The Brut Nature is very elegant but also has an appealing wild element that Pinot Meunièr often gives. So long, so pure, and so much better than many of the hip growers that everyone is drinking. Toasty, nutty nose with every expanding mineral complexity. The palate has supreme elegance, sappy red cherry fruit, incredible concentration and sap. The depth and flavor intensity are world class as are the power, concentration and finesse. Just top top class. The finish is like you just rode a roller coaster - you are left with the long but fleeting memories of the perfection of the palate. This is Brut nature, but not a screecher, like some can be. Simply put this is an astonishing bottle of Champagne and the value for the money is unlike any Brut Nature out there. It is one of those Champagnes that is so balanced, so fine, so elegant, so full of character. you would have no issue paying $60-$80 a bottle. What I love about their Brut Nature in particular is it is so sappy and well-fruited that you swear there has to be sugar in there. Even a little. No. None. Nada. It's like those people spinning plates on sticks. One small mistake of balance and the whole thing comes tumbling down. That is this wine, a perfectly balanced wine that the drinker cannot believe is so balanced despite the odds against it.
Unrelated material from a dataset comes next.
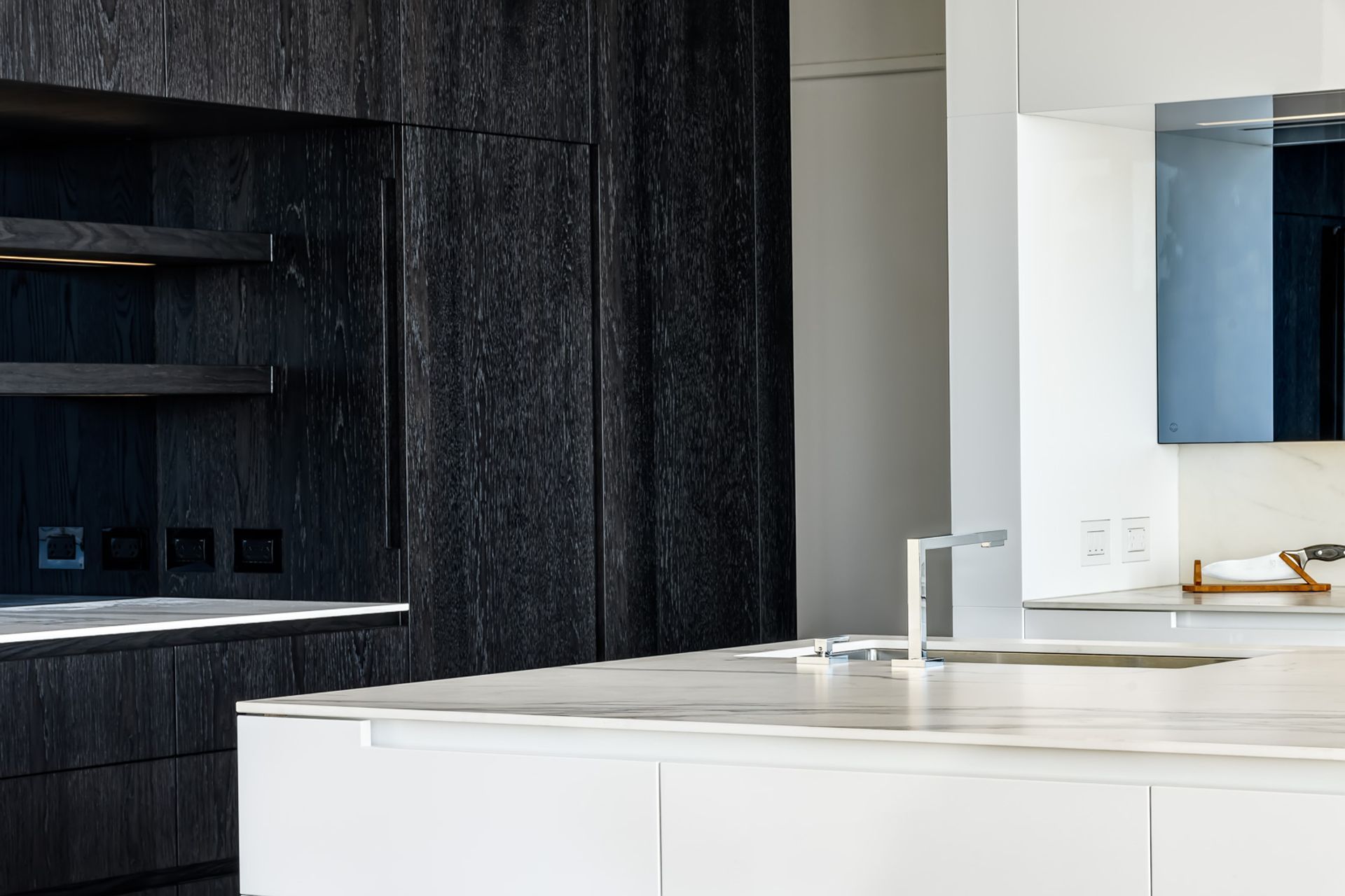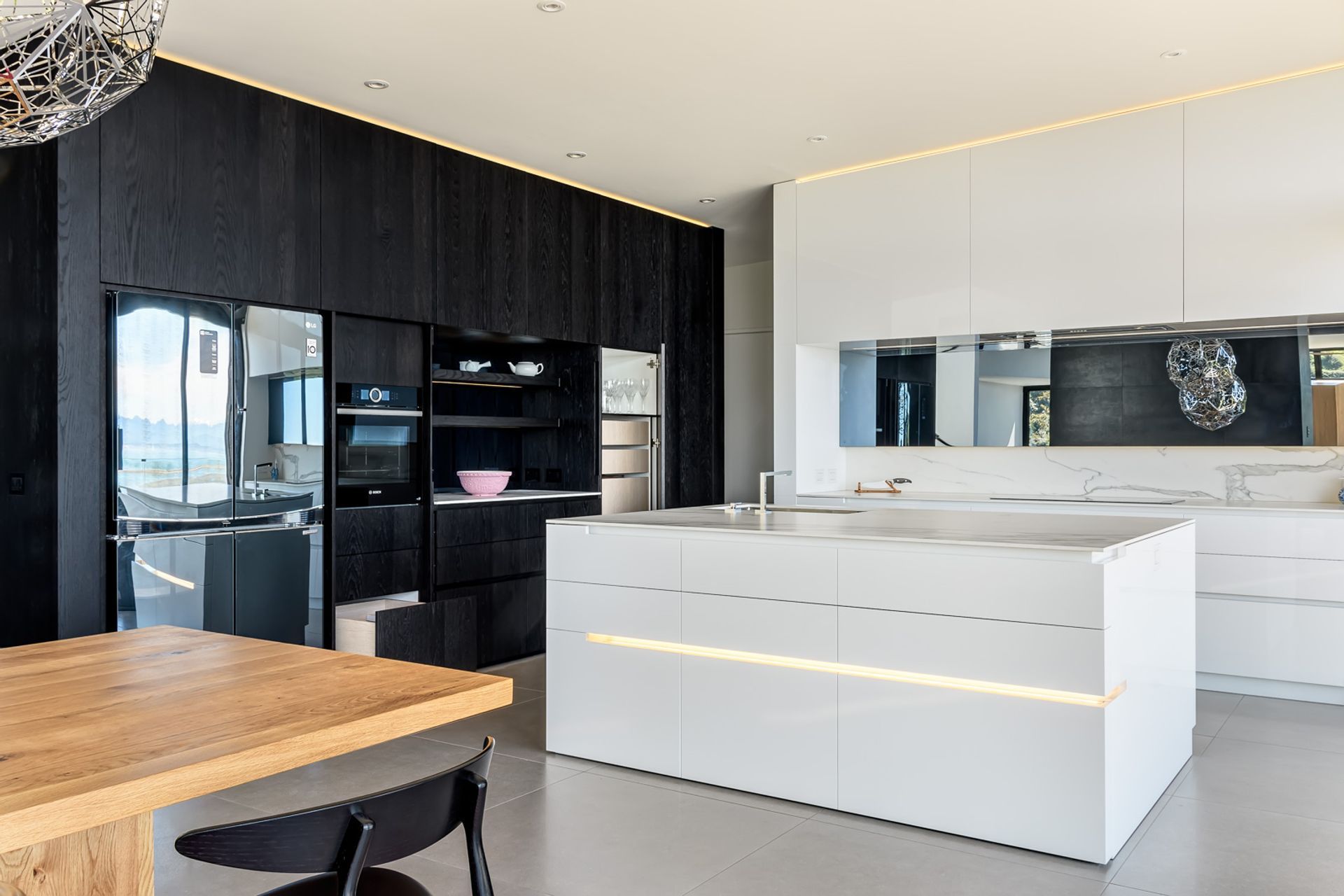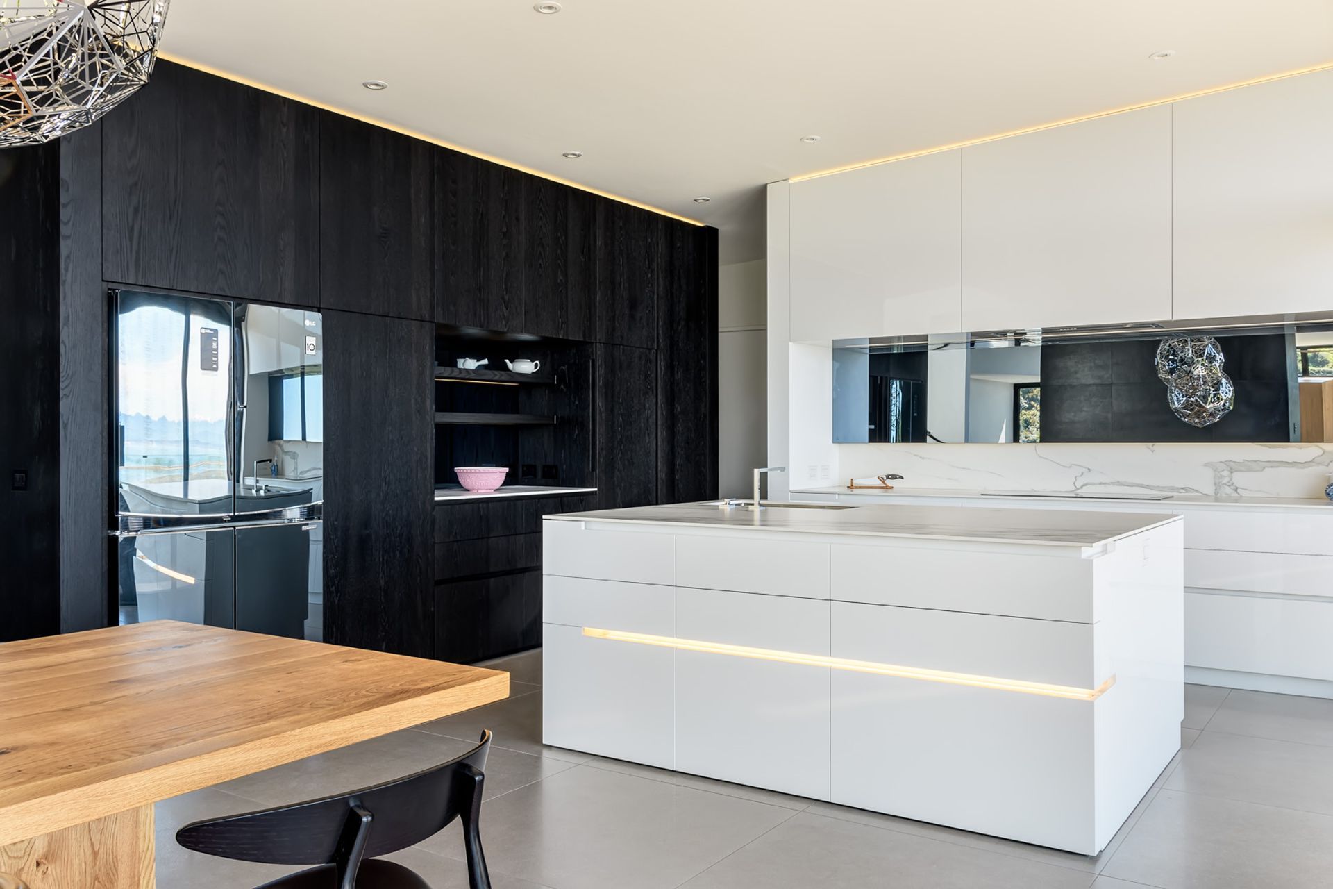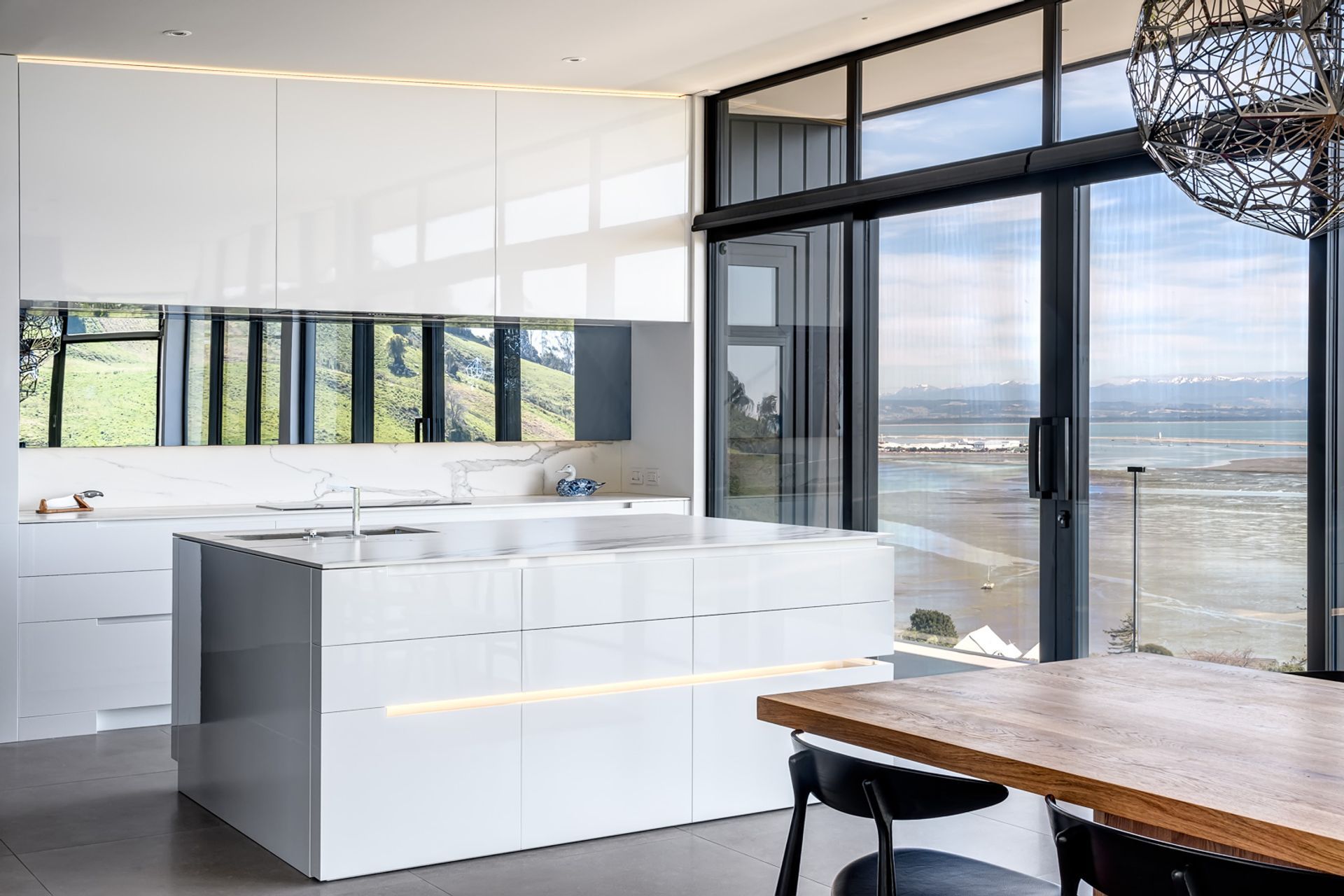 ArchiPro Project Summary - A stunning residence in Atawhai, Nelson, designed by Klaus Todt and Redbox Architects, featuring a custom kitchen and cabinetry that harmoniously blend high gloss and matte finishes, maximizing breathtaking sea views and natural light.

A client and a friend just went to La Fete du Champagne in NYC which is pretty much the biggest event stateside for Champagne. He texted me and said, you know I've been reading for years how you kind of trash most Brut Nature because they are too screechy and not balanced, and you know, it's even worse than you say. I liked maybe 2-3 out of 30+ Brut Natures.
Across the board my yearly tasting with Isabelle Perseval of Perseval-Farge was extraordinary as it was revelatory. The flavor intensity is something I hadn't really encountered before in Champagne. The purity, the delineation, the body, the length were all just top class. Isabelle asked me which was my favorite, I couldn't answer, then she asked me for top 3, and I reluctantly answered (La Pucelle, Jean Baptiste & the Brut Nature), but that whole lineup was insane. Memories of tasting the Roulout 14s and 13s, Donnhoff '01s, Battenfeld Spanier 15s Prum 05s and other such ethereal tastings in Europe rang into my head, as this annual tasting is always up there. I retasted and then left and reflected on what just happened. I was so giddy and on a cloud on the drive back to Reims. That was just a perfect tasting and a funny counterpoint to getting there as Isabelle had to guide us on the phone as the GPS was possessed and I was late and anxious walking in and then stuck my big nose in that glass and all was right in the world. It's that type of wine. And that type of estate. It's a 5 star Fass Schnozz estate.
The estate is only 4 hectares but like our own Croix Montjoie in Vezelay it is unusual that all the wines they make are from one continuous plot. It's usually not that way in Champagne at all. There are maybe 27 or 28 Clos' in all of Champagne. Not that this is one, but pretty close. They farm sustainably and are very concerned about what their work on the land will affect future generations. They use lower sulfur than most but not at the levels of natural winemakers.